Containers Expo Blog Authors: Yeshim Deniz, Liz McMillan, Elizabeth White, Pat Romanski, Amit Gupta

Related Topics: Containers Expo Blog, @CloudExpo

Containers Expo Blog: Blog Feed Post

The Level of Uptime - Increasing Pressure Syndrome

We are now making the same expectations of everyday software that we made of the over-engineered systems

When I was earning my bachelors, I joined the Association for Computing Machinery (ACM) and through them, several special interest groups. One of those groups was SIGRISK, which focused on high-risk software engineering. At the time the focus was on complex systems whose loss was irretrievable – like satellite guidance systems or deep sea locomotion systems – and those whose failure could result in death or imageinjury to individuals – like power plant operations systems, medical equipment, and traffic light systems. The approach to engineering these controls was rigorous, more rigorous than most IT staff would consider reasonable.

And the reason was simple. As we’ve seen since – more than once - a space ship that has one line of bad code can end up veering off course and never returning, the data it collects completely different than that which it was designed to collect. Traffic lights that are mis-programmed offer a best-case of traffic snarls and people late for whatever they were doing, and a worst case of fatal accidents. These systems were categorized by the ACM as high-risk, and special processes were put in place to handle high-risk software development (interestingly, processes that don’t appear to have been followed by space agencies – who did a lot of the writing and presenting for SIGRISK when I was a member).  Interestingly, SIGRISK no longer shows up on the list of SIGs at the ACM website. It is the only SIG I belonged to that seems to have gone away or been merged into something else.

What interests me in all of this is a simple truth that I’ve noticed of late. We are now making the same expectations of everyday software that we made of these over-engineered systems designed to function even in the face of complete failure. And they’re not designed for this level of protection. Think about it a bit, critical medical systems can be locked down so that the only interface is the operator’s interface, and upgrades are only allowed with a specific hardware key, things being launched into space don’t require serious protection from hackers, they’re a way out of reach, traffic lights have been hacked, but they’re not easy, and the public nature of the interfaces makes it difficult to pull off in busy times… But Facebook and Microsoft?
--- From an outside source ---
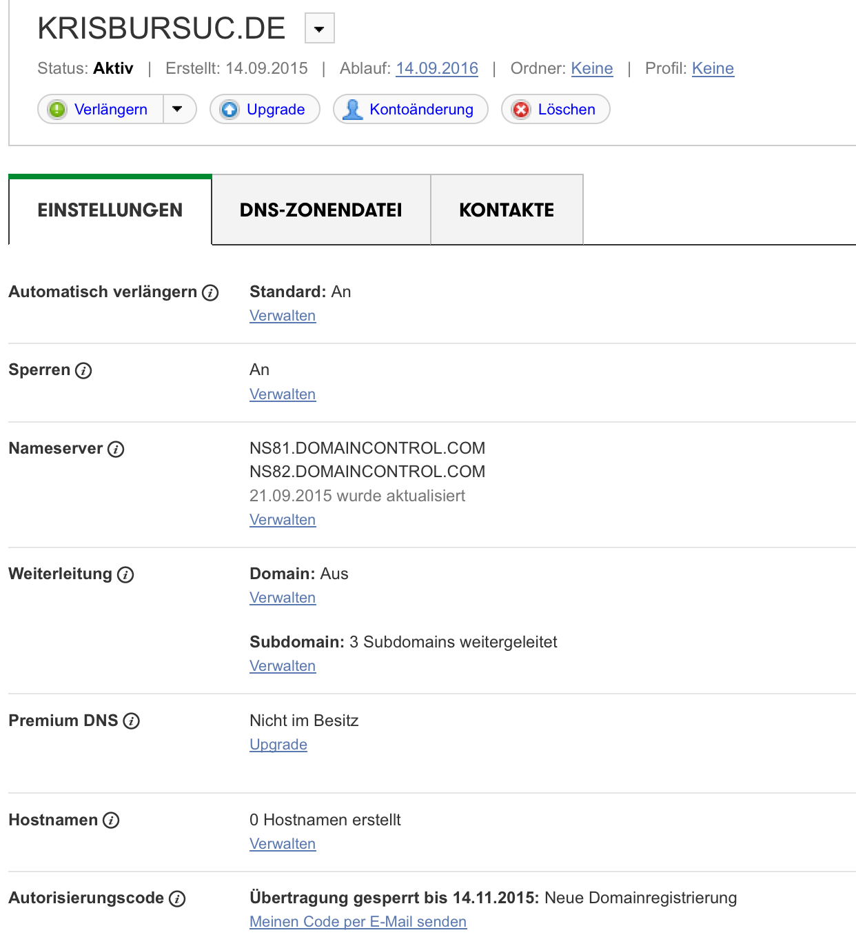 Ich möchte nun den Wordpress Blog so abändern, dass statt der Daily-Domain die Kris-Domain aktiv ist - und zwar so, als würde ich die Domain direkt bei all inkl statt bei godaddy hosten.

They have massive interfaces, global connectedness, and by definition IT staff tweaking them constantly. Configuration, new features, uncensored third party development… The mind spins.

Ariane 5 courtesy of SpaceFlightNow.com

Makes me wonder if Apple (and to a lesser extent RIM) wasn’t smart to lock down development. RIM has long had a “you have a key for all of your apps, if you want to touch protected APIs, your app will have your key, and if you are a bad kid and crash our phones, we’ll shut off your key”. Okay, that last bit might be assumed, it’s been a while since I read the agreement (I’ve got a RIM dev license), but that was the impression I was left with three years ago when I read through the documentation. Apple took a lot of grief for their policies, but seriously, they want their phone to work. Note that Microsoft often gets blamed for problems caused by “rogue” applications.

But it doesn’t address the issue of software stability in a highly exposed, highly dynamic environment. We’re putting pressures on IT folks – who are already under time imagepressure – that used to be reserved for scientists in laboratories. And we’re expecting them to get it right with an impatience more indicative of a two year old than a pool of adults. Every time a big vendor has a crash or a security breech, we act like they’re idiots. Truth is that they have highly complex systems that are exposed to both inexperienced users and experienced hackers, and we don’t give them the years of development time that critical systems get.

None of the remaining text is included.